Thursday, November 5, 2009

第十三章 倫理的価値自体を悪用することの器用さを暗に認める人間の狡さ

 日本社会には日本社会の、恐らく同じようにアメリカ社会にはアメリカ社会に固有の器用に生きることを暗に認め、そういうタイプの人間を憧れ、真剣に生きる人を小馬鹿にする風潮はいつの時代にも散見されることである。小器用に振舞い、問題を起こさずしかしいざとなったら、即座に問題にかかわりたくはなく逃げて行ってしまうような小狡い人間が何と多いことか。それはこういう問題は真剣に討議すべきことであるが、それ以外のことはとるに足らず、問題にしてしまうとその処理に追われ、仕事量を増やすだけであるとする管理者側の惰性的、怠慢的エゴイズムから発生する態度であるに過ぎない。
 しかし日本人はそういうタイプの小狡い器用な人間は決して告発せず、そうではなく不器用に、苦情を訴えるタイプの人間を逆に差別するのである。
 日本人はそれが苦情を言わない美徳として罷り通っており、アメリカでは苦情を言う美徳として罷り通っているだけのことである。苦情を言ってまず損をするのは日本人であるから日本人は苦情自体を誰か別の人にさせておこう、とそう思う。アメリカ人は恐らく逆である。何もかも苦情を言うことで、苦情を言わないことで発生する損を回避して生活しているのである。しかしそのどちらとも理想的な社会の通念であるとは言い難い。要するにただ社会に存在する不文律を承知で、損をしないで、建設的であろうとしないだけである。いつの時代でも建設的であろうとすればするほど、衝突が大きいことになる。しかしそれは厭だから、日本人の場合には常に沈黙することで権利を守り、アメリカ人は常に衝突することで、こちらに非がある場合ですら声高に主張するサイドの方が得をすることを承知で、沈黙を破ることだけを不文律としているのである。
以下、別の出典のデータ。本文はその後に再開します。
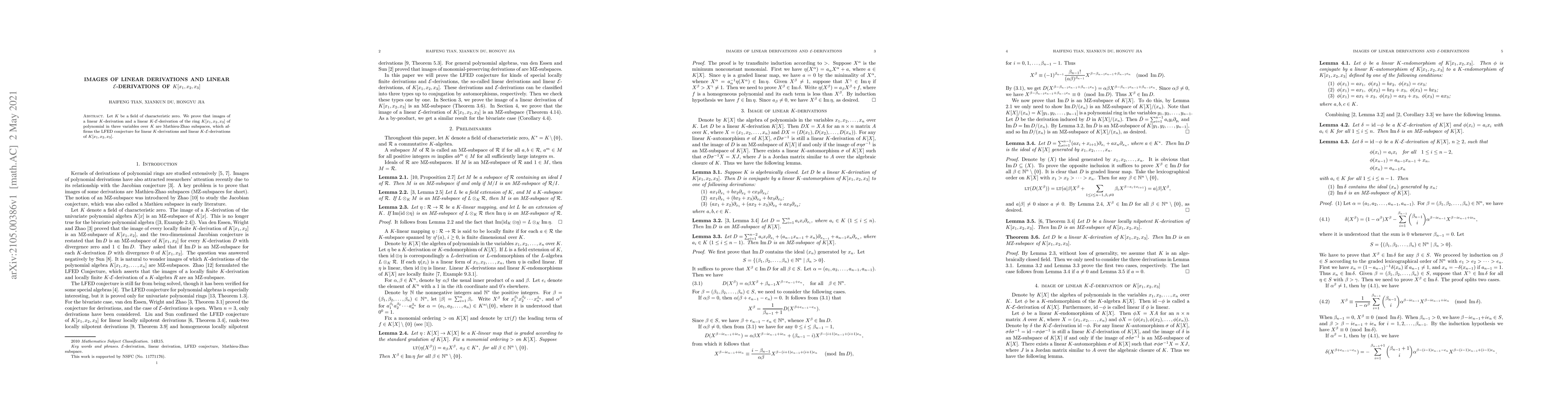 This paper proves that images of linear K-derivations and linear K-E-derivations in the polynomial ring K[x₁, x₂, x₃] over a field K of characteristic zero are Mathieu-Zhao subspaces, thereby confirming the LFED conjecture for these derivations.
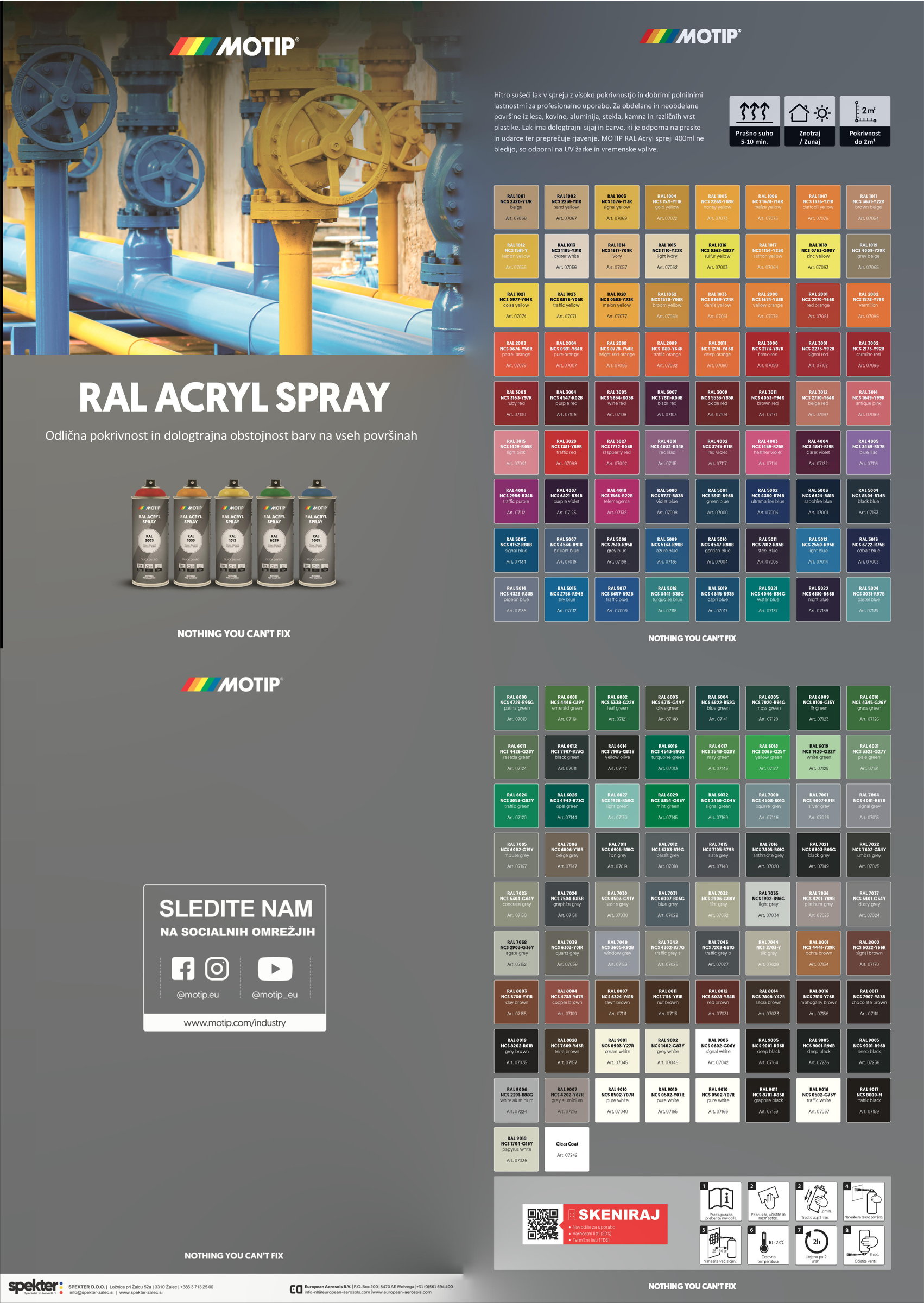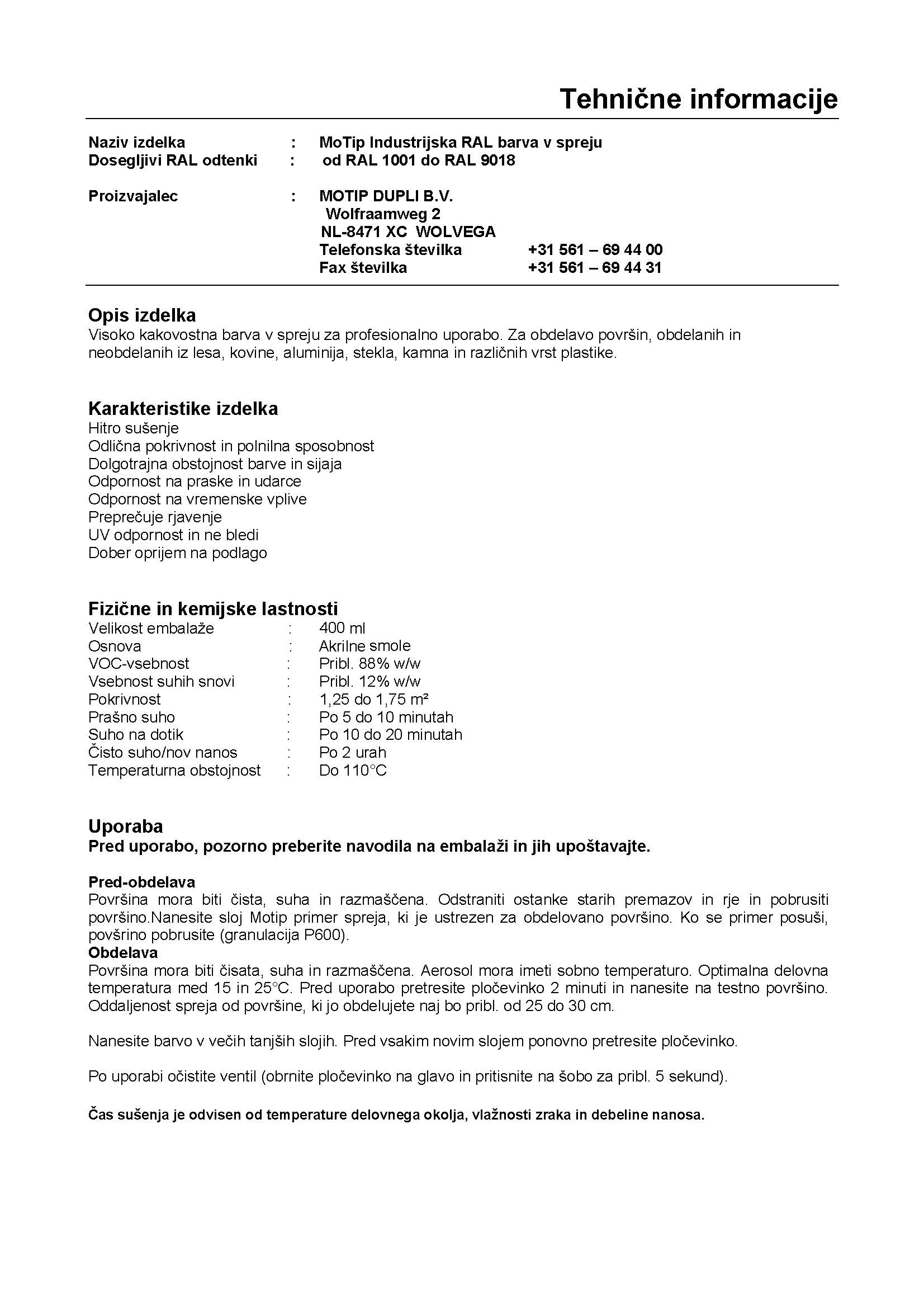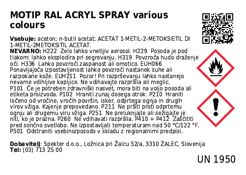Industrijski akrilni lak sprej RAL HG 400ml Motip je odporna, hitro sušeča in dobro pokrivna sprej akrilna barva za notranjo in zunanjo uporabo.
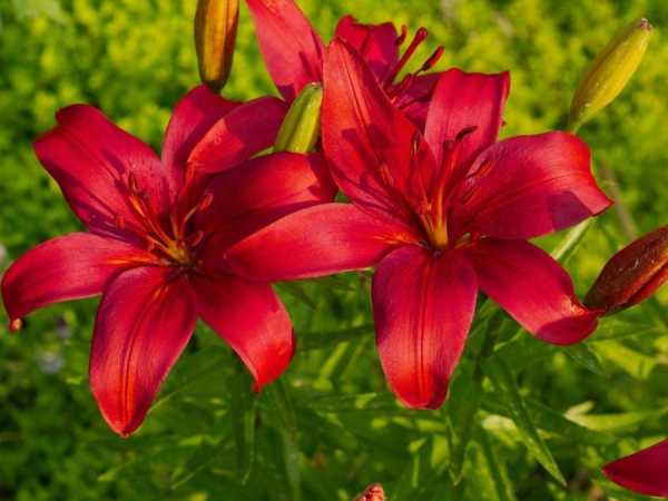 Лилии. Это красивые и нежные цветы, отличаются обильным цветением. Не требуют много внимания к себе, луковицы могут расти без пересадки до 5 лет. Для посадки рекомендуется выбирать солнечные места, защищенные от продувания.
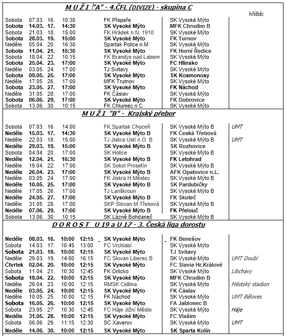SK VYSOKÉ MÝTO - fotbalový oddíl
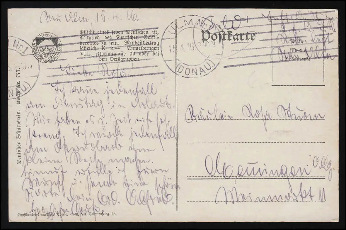 AK Deutscher Schulverein No. 777 Dernier sign. E.B. Feldpost ULM 15.4.16
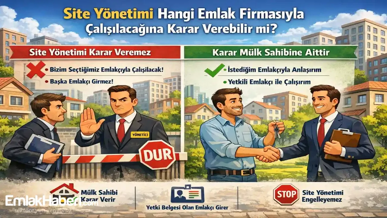 Son yıllarda özellikle büyük sitelerde ve rezidans projelerinde sıkça karşılaşılan bir uygulama, hem kat maliklerini hem de emlak sektörünü karşı karşıya getiriyor. Bazı site yönetimleri tarafından kat maliklerine yapılan duyurularda, “Sitemizin yetkili emlak firması … firmasıdır. Satış ve kiralama işlemlerinde yalnızca bu firma ile çalışılması gerekmektedir” ifadelerine yer veriliyor.
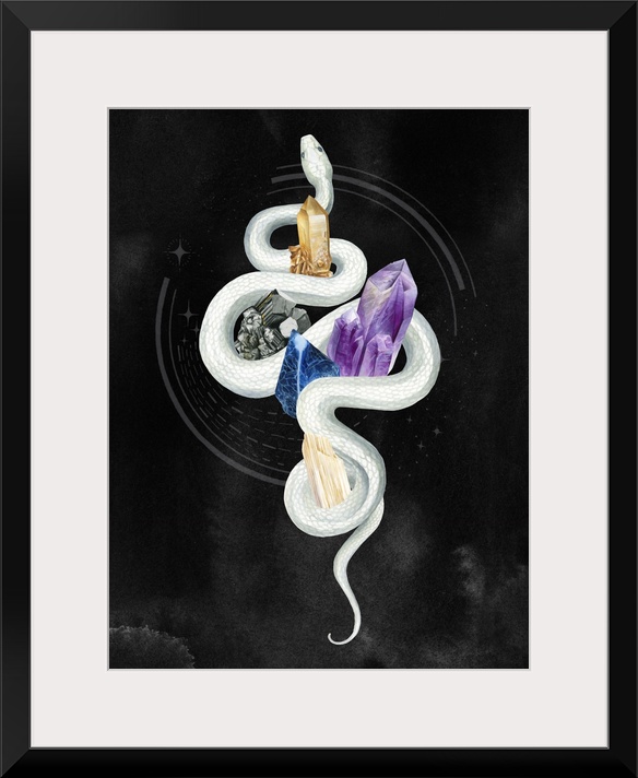 Art Bohemian Black and White Wall Art College Dorm Decor Decorative Art Geology Crystals and Geodes Painting Grace Popp Watercolor Wildlife Reptile Snake
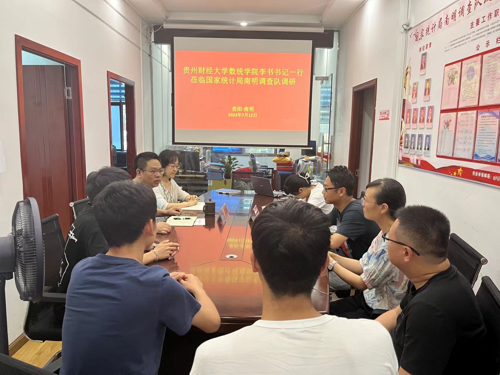 7月12日下午,数学与统计公司党委副书记李书及相关指导老师一行4人赴国家统计局南明调查队看望2020级正在参加专业实习的本科生。南明调查队队长何宇、纪检书记刘珂君、办公室负责人李杨热情接待了我们并组织了师生座谈会。
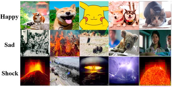 In the experiment, video signals were used to determine static images and dynamic images that could elicit three types of emotions: happiness, sadness, and shock. Figure 1 shows the dataset used to induce three emotions with rows of “happy,” “sad,” and “shocking” pictures. Each emotion category consists of four static images and one dynamic image, resulting in a total of 15 different video signals. The experiment also employed nine LFS signals, previously shown to modulate the intensity of happiness, sadness, and shock to varying degrees. Previous experimental studies have found that LFS composed of different frequency components can enhance the level of arousal, which can make people feel influenced and dominated by the signal and cause a more pronounced, intense sense of annoyance, space, and immersion and can alter subjective emotional perception. Then, a subjective evaluation experiment was conducted based on the evaluation dimensions (annoyance sense, space sense, immersion sense), in which the participants were asked to watch happy, sad, and shocking movie clips without the addition of LFS, and it was found that the change in annoyance correlated most with the level of happiness, the change in space sense correlated most with the level of shock, and the change in immersion sense correlated most with the level of sadness in the movie. Finally, adding LFS to the movie clips revealed that S1–S3 signals most enhanced the primal sense of annoyance, S4–S6 signals most enhanced the primal sense of immersion, and S7–S9 signals most enhanced the primal sense of space. Thus, we concluded that S1–S3 had the effect of modulating happiness, S4–S6 had the effect of modulating sadness, and S7–S9 had the effect of modulating shock.

 この二つの例は社会通念全体が価値観にまで影響を与えている好例である。それは端的に価値自体を創造的に捉えようという態度ではない。価値は規制されていて、その範囲内で落ち度なく生活すればよいという判断である。私がこのようなタイプの論文を執筆した一番大きな理由はそこにある。
 つまり価値自体を与えられたもの、自ら作り出すのではなく、あくまで規制の枠組からしか考えられないままでいることに平然としていること、これこそが最も忌むべき価値観なのである。しかし実際はこのような生き方で甘んじている人はかなり多い。価値は創出するべきものである、という考えで生きているということ自体が齎す他者との間での衝突自体を回避しようという態度だけがどの国にも支配しているのではないだろうか?
 確かニーチェかエマニュエル・レヴィナスだったと記憶しているが、強い人が結局のところあまりにもその能力に対する周囲に嫉妬とか、警戒感によって弱くされてしまうという現象が津々浦々に及んでいるように私には思える。端的に責任を負おうとするタイプの態度の成員全体に対する暗黙の排斥意識が日本人も強いし、恐らく他の国民にも同様の心理が張り巡らされていることだろう。それは責任を負うことによる精神的負担を未然に防止しようとする自己防衛心によるものである。そしてそのような極度の全体的な責任転嫁が次第に弱いように振舞う狡猾な態度の、しかも用意周到に他者からの一切の要請を遮断しているのに、あまりにもその逃げ方が巧妙なので知性を醸し、一見紳士的なタイプの成員だけが巧妙に難事に関わることなく安泰でいるという事態が招聘される。
 そのように巧妙に真意を隠蔽し、何か心底に意志を秘めているかの如く振舞うその柔らかい物腰だけが倫理であるかのように倫理的価値を悪用し、不器用に衝突を繰り返すタイプの成員に対して、要領が悪いということで敬遠していく、その蓄積が真意を次第に人間から奪っていく。そして適当に倫理を悪用する成員の言葉巧みな戦術にただ乗せられていくようになるのである。
 ちょっと気弱で他者に対して何も、緊張してしまい、言えなくなる人に一言、人間社会では大物である必要などないのである。そもそもこの者が大物であると決められる者がいるとしたら、それは神だけである。だって人間は常に対立している立場がどの成員にもあり、その対立においてどちらかに味方すればその敵が悪ということになるだけだからである。従って完全に正しい者、つまりそれを采配出来る大物というのは全てまやかしなのである。それは特に私のように神を一切信じないタイプの成員にとってはそうである。しかし人間はどこかで大物を尊崇する、そういう部分がある。だからこそ大物ぶる、と言うより自然に他者全般からあたかも大物であるように錯覚されるように自分を持っていくことが社会を巧く渡っていく秘訣である。大物である必要などない、そもそもそんな価値判断自体が幻想なのだから。従って大物のように思われるように自分を見せかけること、それくらいに許容される悪を十二分に行使することだけがあまり他者から激突されずに済む方法ではないだろうか?だって倫理的価値を遵守しているように狡猾に振舞って巧妙に責任転嫁してきている人が周囲に大勢いるのである。従ってそれくらいの悪の行使を悪いなどと思わない方が良いのである。それが出来たならあなたも立派な倫理的価値の悪用者である。